Saturday 19 September 2020

 A Moorhen admired its reflection in the little stream in the Dell. People say that birds can't recognise their own reflections, but water birds see them all the time and must have some idea of what they're looking at.

It's the secret of Moorhens' success that they can eat almost anything and find something to eat anywhere. They outnumber Coots considerably in the country as a whole, but oddly there are ten times as many Coots in the park as there are Moorhens -- perhaps because it's a confined space and Coots are very aggressive. Coots have only been in the central London parks for about a century. They were deliberately introduced in St James's Park in the early 1920s, and have now bred excessively. There are often over 200 of them in Hyde Park and Kensington Gardens.

Two young Moorhens preened on a dead willow in the Long Water near the Italian Garden.

One of the Great Crested Grebe chicks from the west end of the island pestered its mother, who was preening and didn't want to be disturbed. The adults are beginning to fade into their winter plumage.

The male Mute Swan on the Serpentine with two teenage cygnets patrolled the border of his territory. This is the very aggressive swan who killed another when the cygnets were just hatched.

Job done, he returned to his family.

A Mallard went to sleep facing downwind and got its feathers ruffled.

The pigeon-eating Lesser Black-Backed Gull trotted past Blondie as he went to hunt. The two share a territory but have completely different interests and don't bother each other.

Another Egyptian Goose at the Dell restaurant saw a Carrion Crow dunking a bit of bread ...

... and waded in and grabbed it.

A Black-Headed Gull found the discarded end of an ice cream cone, which it managed to swallow whole with some difficulty.

The ledges on the Serpentine bridge provide a good place for Grey Herons to keep a lookout.

The Grey Wagtail was zooming up and down the Dell catching insects. It paused for a moment on a rock at the bottom of the waterfall.

Long-Tailed Tits worked over a tree near the bridge.

The nest in the broom bush in the Rose Garden, abandoned months ago, is still intact -- a tribute to the skill of the builders.

The lavender patch in the Rose Garden, a favourite place for bees, has now withered. But there is a miniature species of lavender planted around the flower beds, less fragrant but a Buff-Tailed Bumblebee found it satisfactory.

Lavender honey is sought after and expensive.


  1. I wonder why they choose some flowers and not others. I imagine they see things and colours we cannot.

    Very sad little vignette of the abandoned nest.

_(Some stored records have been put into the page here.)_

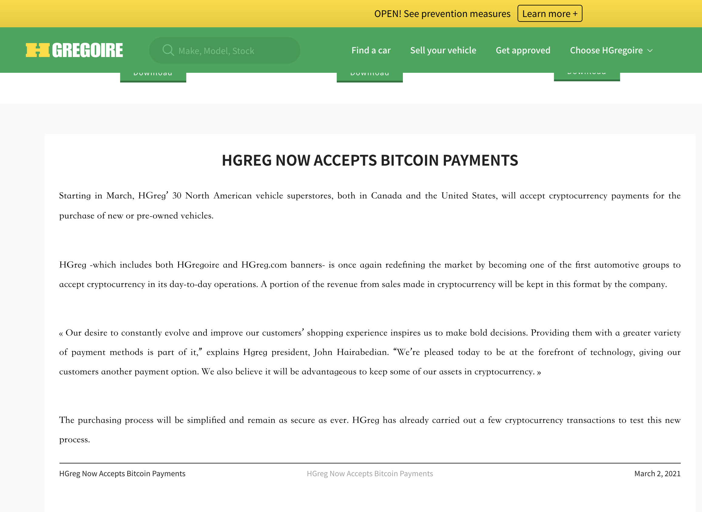 3月2日,二手车经销商HGreg宣布支持比特币支付。从3月开始,HGreg在加拿大和美国的30家商店将接受加密货币付款,用于购买新车和二手车。
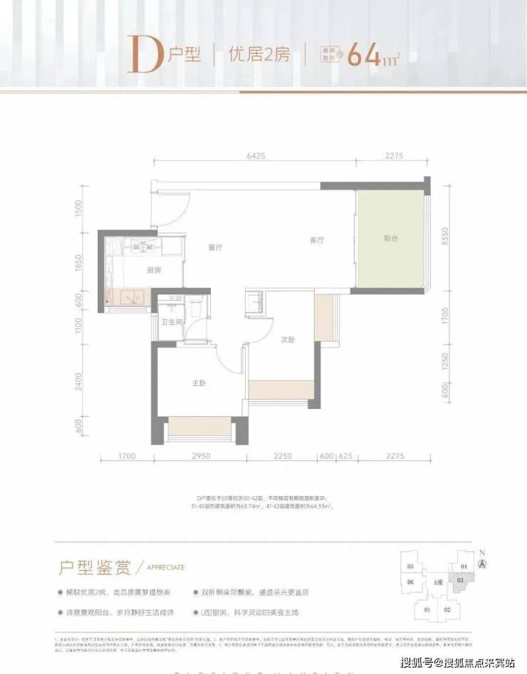 64㎡的2房2厅1卫,仅1栋A座03户型才有,设计的是竖厅格局,LDKB一体化,双卧室朝南向,次卧双飘窗设计,U型厨房,卫生间干湿分离,朝正西向。
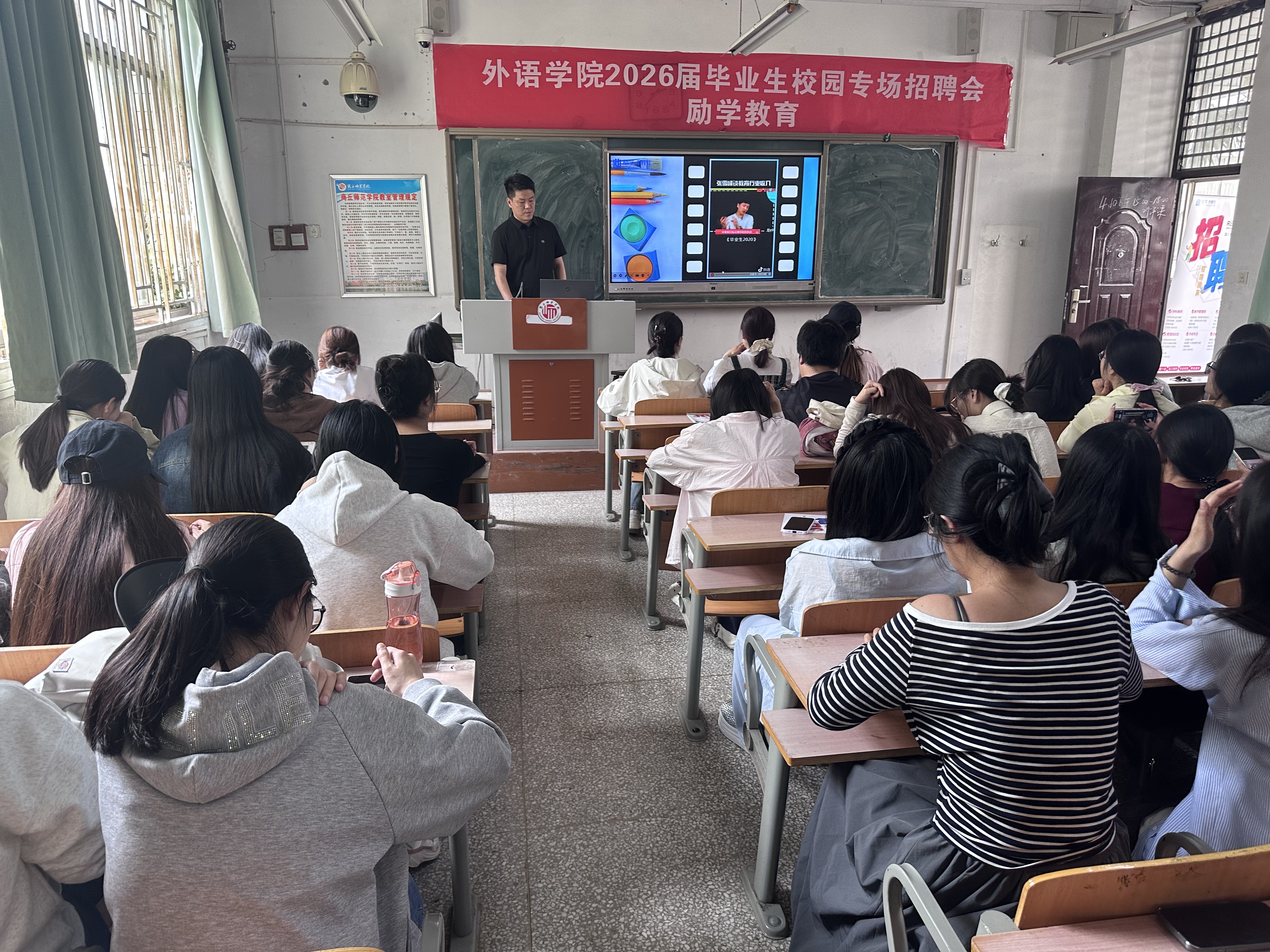 为持续拓宽2026届毕业生就业渠道,精准对接优质教育培训行业岗位资源,助力毕业生高质量就业,4月17日下午,外语学院于智圆楼114教室举办2026届毕业生校园专场招聘会——励学教育专场宣讲会,外语学院2026届在校毕业生参加。
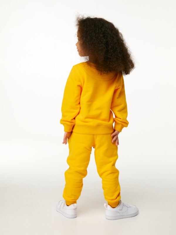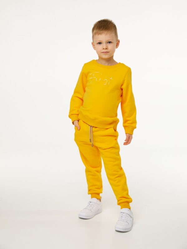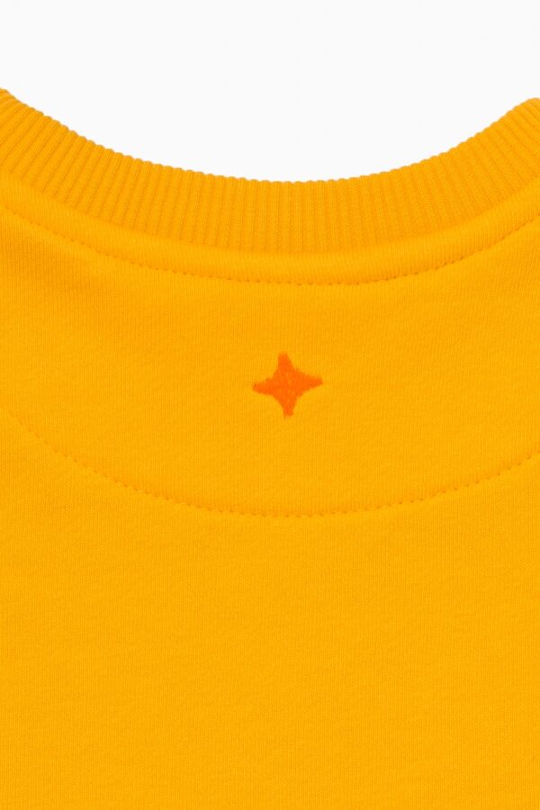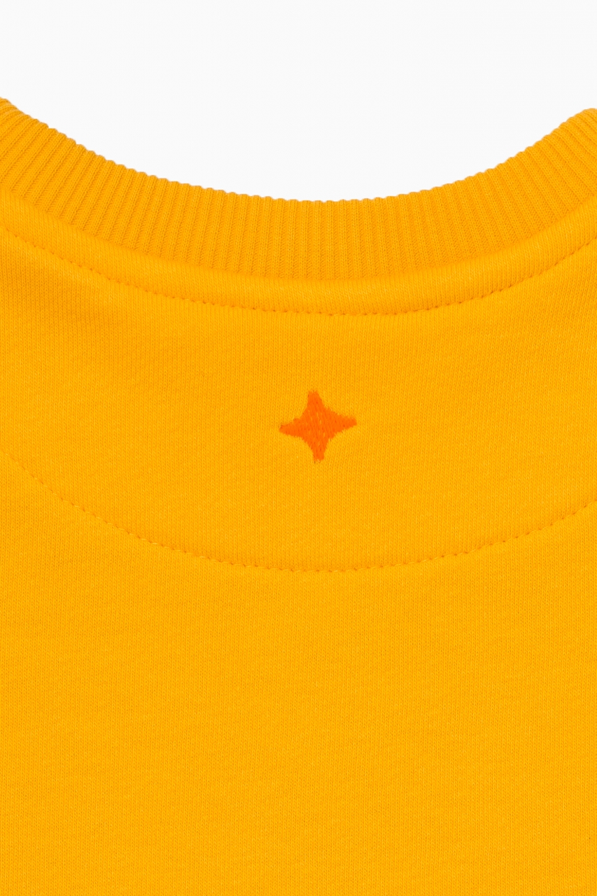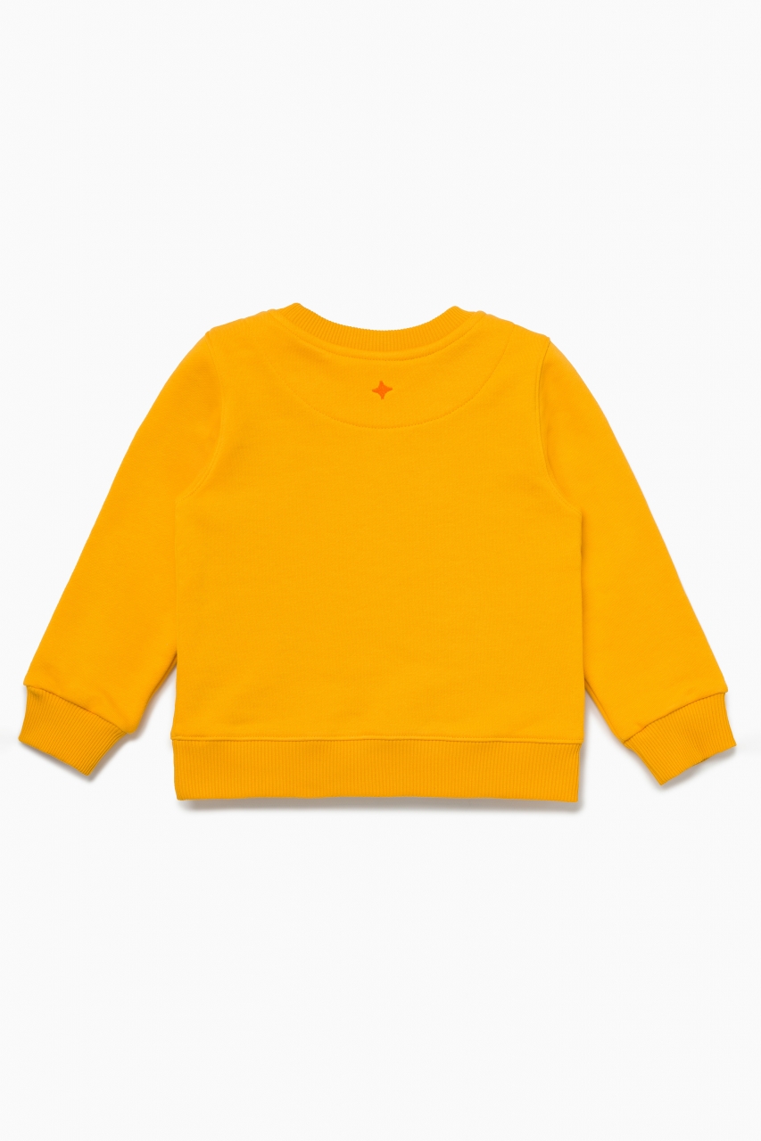 Базовый свитшот классического кроя в цвете манго для мальчика и девочки, выполнен из премиального трикотажа футер петля. Трикотажная резинка в цвет полотна по горловине, низу рукавов и нижнему краю. На фронтальной части изделия выполнена вышивка “First” меланжевыми нитками. На спинке изделия вышита звезда оранжевым цветом.

It reminds me of that famous short story, ""For sale: baby shoes, never worn."

    Dare I ask if Blogger is behaving itself today, or have you tamed into submission?

    1. Darn. Read a couple of posts back, I see Blogger is still its unbearably disastrous self.

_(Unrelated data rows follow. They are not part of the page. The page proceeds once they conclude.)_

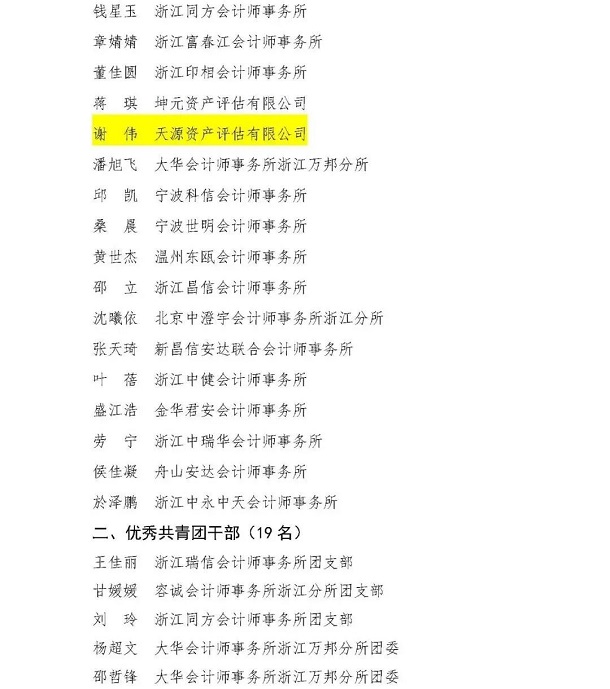热烈祝贺我公司陈佳辉、谢伟被评为2021年度浙江省注册会计师资产评估行业“优秀共青团员”
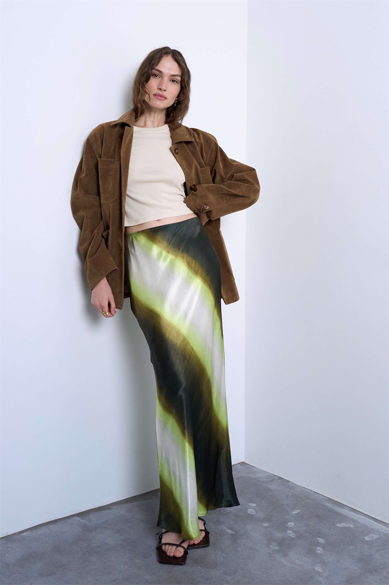 Макси-юбка из атласа с косой отрезкой
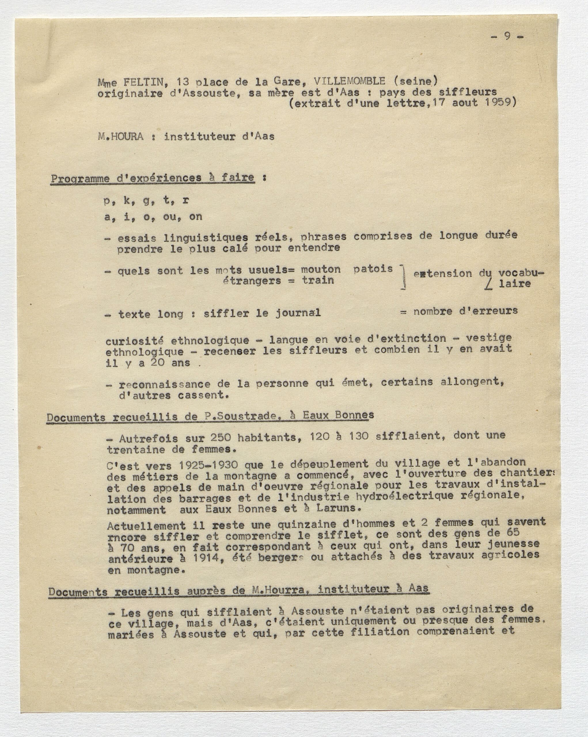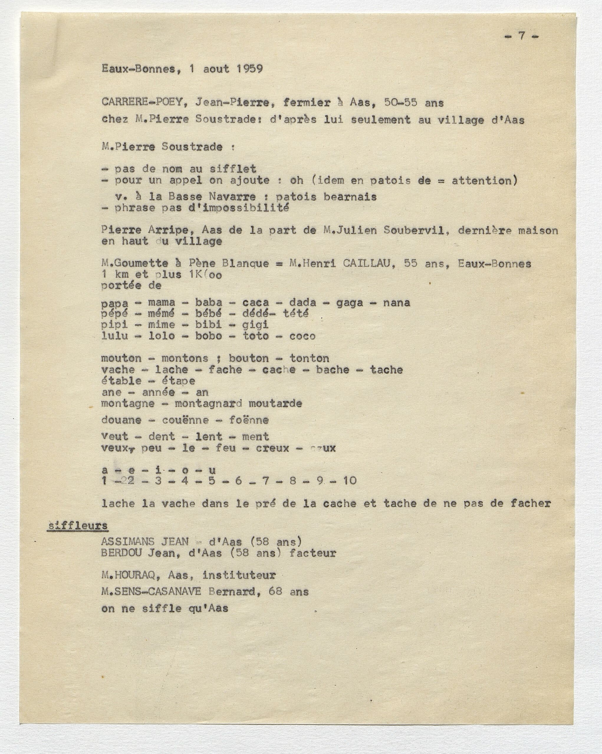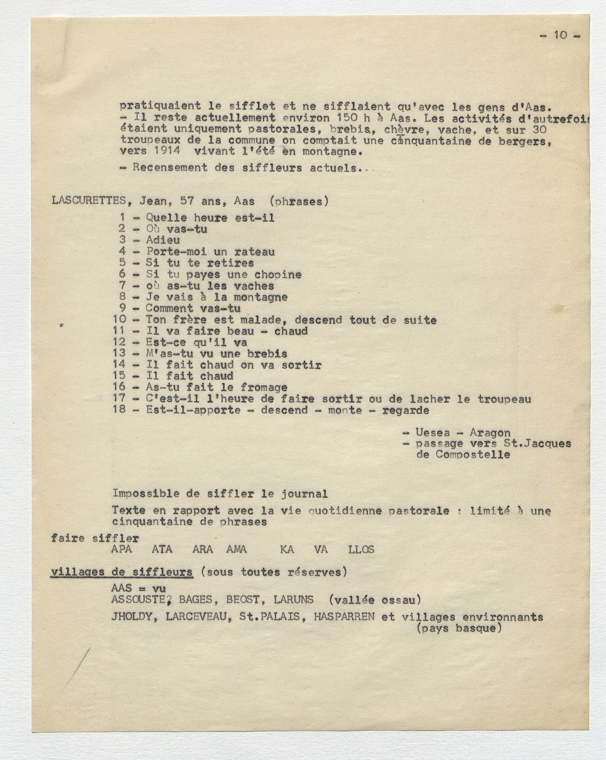 En 1959, on découvrait que les habitants du village d’Aas, en vallée d’Ossau, communiquaient à grande distance grâce à des modulations sifflées. Immédiatement, René-Guy Busnel, chercheur spécialisé en acoustique, étudia ce qu’on appellerait désormais le “langage sifflé d’Aas”. A peine 40 ans plus tard, ce mode de communication original disparut avec la mort de Netou Palas, la dernière siffleuse ossaloise.
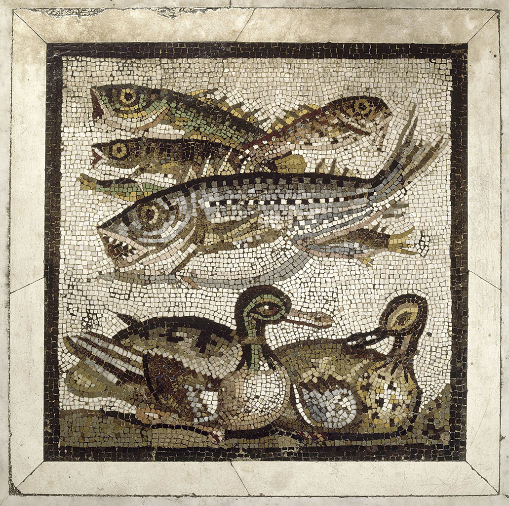 Œuvre reproduite : Mosaïque aux poissons et canards, 1er siècle AP J.C. Hauteur : 30 cm Largeur : 30 cm

    2. I have noticed that a bee tends to visit flowers of the same colour, as if there were specialists in purple or red or white. But maybe this is just because their little minds can only think of one thing at a time. They can certainly see some way into the ultraviolet, and many flowers have ultraviolet guide lines on the petals converging at the centre, acting like the markings on a helicopter landing pad.

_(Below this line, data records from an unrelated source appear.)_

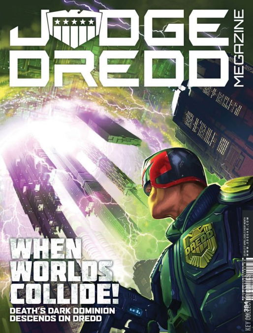 Episodes include: Judge Dredd » Krong Island (part 3) Mega-City One, 2140 AD. This vast urban hell on the east coast of post-apocalyptic North America is home to over 72 million citizens. Stemming the tide of chaos are the Judges, empowered to dispense instant justice. Toughest of them all is Judge Dredd – he is the Law! Advances in science in the 22nd century have led to intelligent apes now having their own society in the metropolis... The Returners » Irmazhina (part 1) Ciudad Barranquilla, 2140 AD. This South American metropolis, sometimes referred to as ‘Banana City’, is a notoriously poor and corrupt enclave, ruled over by a Justice Department in the pockets of the cartels. Life on its streets can be short and violent, but for four very different people death is not the end but the start of something terrifying... Lawless » Breaking Badrock (part 6) Colonial Marshal Metta Lawson was appointed to the frontier township of Badrock on the planet 43 Rega, intent on stamping her authority on the colony. But in doing so, Lawson made many enemies, including Munce, Inc., the mega-corporation that funds Badrock, which has attempted to have her killed. Now, Munce is planning to dispose of Badrock once and for all... Cursed Earth Koburn » The Law of the Cursed Earth (part 3) The Cursed Earth, 2140 AD. Cool and calculating Judge-Marshal Koburn is a future lawman unlike any other. A circuit Judge for the radlands, he patrols the outposts and townships that eke out a living in these desolate wastes, and tries to maintain the peace in an otherwise chaotic environment. There’s little law and order in the Cursed Earth, and Koburn likes to take it eazy... DREDD » The Dead World (part 3) Mega-City One, the cusp of the 22nd century. Eight hundred million people are living in the ruin of the old world, a planet devastated by atomic war. Only one thing fighting for order in a metropolis teetering on the brink of chaos – the men and women of the Hall of Justice. One such lawman is Judge Joe Dredd, who is about to be confronted with his strangest and most challenging case yet...
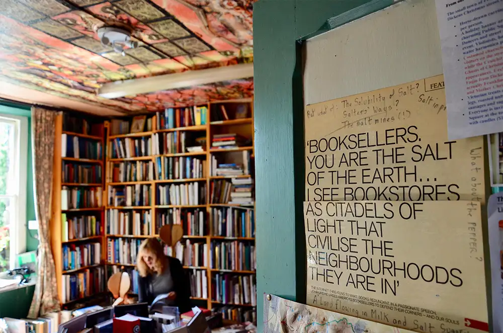 Deshalb schätzt John Updike auch Bibliotheken und besonders Buchhandlungen, auf die wir zurückgreifen können, um uns beim Lesen und Schreiben zu inspirieren.
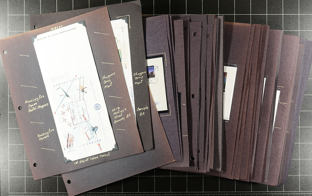 British Columbia Postmarks. Interesting collection of a few hundred Canada first day covers, all with British Columbia postmarks. The majority of covers range from 1996 to 1999, where the collector created 3-5 first day covers for most issues in period, all with what appears Lower Mainland postmarks from various postal outlets including cities New Westminster, Vancouver, Burnaby, North and West Vancouver, Langley, and Coquitlam. The majority of frankings are singles, but note a few plate blocks and souvenir sheets. A most interesting collection that would be missing from first day cover collections, and should pose some interest for modern BC postmarks collectors. Estimate =

      I don't see the nest as sad. It did its job very well and the young Long-Tailed Tits are now flying around the park with their family.

      Blogger is as bad as ever, but I have found ways round the bugs. It's taking much longer to assemble the blog, though, on account of having to put in and position each picture one at a time.

  2. Ralph, I am sorry to hear that the new blog format is giving you so many problems. You bring so much pleasure that it pains me to think that your having to overcome these stressful and time consuming problems.

    1. Thank you. I'm finding ways round the problems but it takes much longer to assemble the blog.